Thursday, November 12, 2009

When it rains, it pours

I've been turning to craigslist to try to find freelance writing gigs. There's really not a lot of good stuff there for professionals. What people are looking for are people to write content for social networking sites, offering either no pay or pay on a scale depending on how many people click through your piece. Folks posting potentially interesting writing gigs are paying ridiculously low fees. One guy wanted a name for his new company. He said he'd pay $30 for "a good college try" and $200 if he chose one of the writer's candidates. I could get almost 10 times that in the "real world" But for the sake of adventure and some pocket money, I decided to give it a shot. I had a great rapport with the guy and gave him two rounds of names, about 25 names in all. He liked aspects of many of them, but ultimately was unable to select one. He invited me to submit more but I politely informed him he'd already exhausted the time and creative energy I was willing to DONATE to his cause. At least he paid the $30 quickly.

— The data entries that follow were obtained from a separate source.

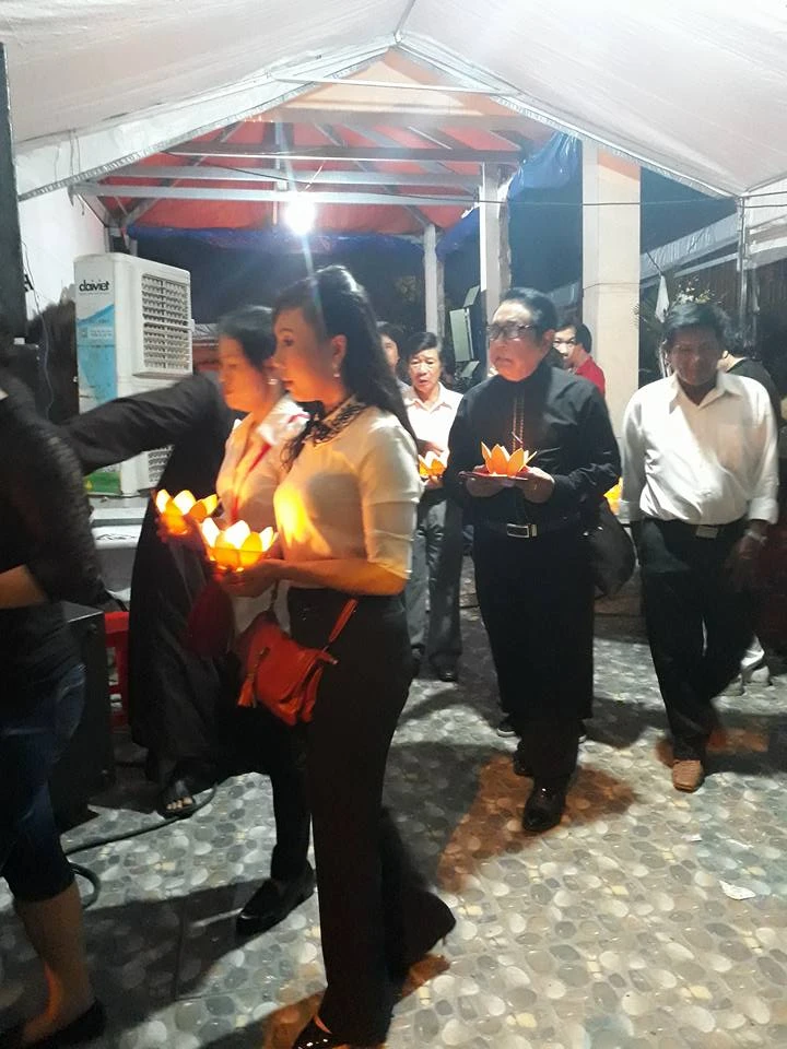 Các nghệ sĩ cầm hoa đăng đi vòng quanh linh cửu cầu nguyện.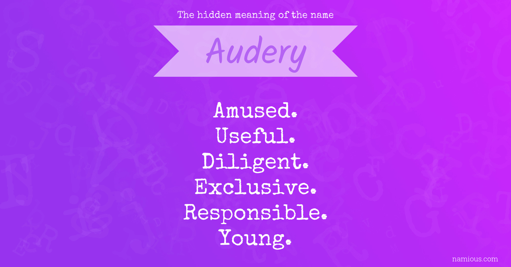 "Audery is an amused, useful, diligent, exclusive, responsible and young person."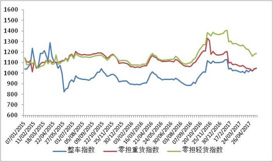 各车型指数环比均有不同程度回升,整车指数回升幅度高于零担指数,在零担指数中零担重货指数回升幅度高于零担轻货指数。其中,整车指数为1048.1点,环比回升0.72%,比上年同期增长10.2%;零担轻货指数为1188.1点,环比回升0.59%;零担重货指数为1047.8点,环比回升0.62%。

But in the last 24 hours, some things seem to be moving in the right direction. First, I saw a posting a week or two ago from a small independent press in Indiana that was looking for submissions from Boston authors (the press historically had focused on Indiana and midwestern writers but wanted to expand its scope), so I sent a letter and my manuscript via email. Then I saw a post from a guy who has a hot sauce blog and he was looking for people to write short reviews of hot sauces. He was only going to pay $5 a review, but you do get free hot sauce. Again, he and I seemed to hit off and he agreed to send me my first shipment of five different sauces to sample. Then just last night, I responded to a craigslist post from a literary agent looking for novels to represent. So I sent a query letter to her.

Last night, I got a voicemail from the independent publisher. I called him back this morning and he told me he liked my concept. He hadn't noticed that I had attached the manuscript so he said he would read it and call me back later in the day. Still waiting, but this is the first time a publisher has actually seen my work so it's very exciting.

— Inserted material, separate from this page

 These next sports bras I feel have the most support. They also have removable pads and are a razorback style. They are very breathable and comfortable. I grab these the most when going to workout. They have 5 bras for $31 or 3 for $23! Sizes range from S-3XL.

Later this morning, my hot sauces arrived in the mail. They have the following interesting names: Hemorrhoid Helper, Idiot Boyz, Pit Bull, Dave's Insanity, and Hog's Ass. Can't wait to start tasting.

And just a half hour ago, the literary agent asked to see my first 50 pages. So much of my work on my novel once I finished writing it has been filled with the monotony and disappointment of researching agents, sending out query letters and sample chapters, receiving rejections, and waiting to hear. Suddenly, everything seems to have moved into fifth gear. Of course, it could all end in disappointment - which has truly been the story so far - but at least it's happening quickly and with excitement rather than a foreboding sense of futility.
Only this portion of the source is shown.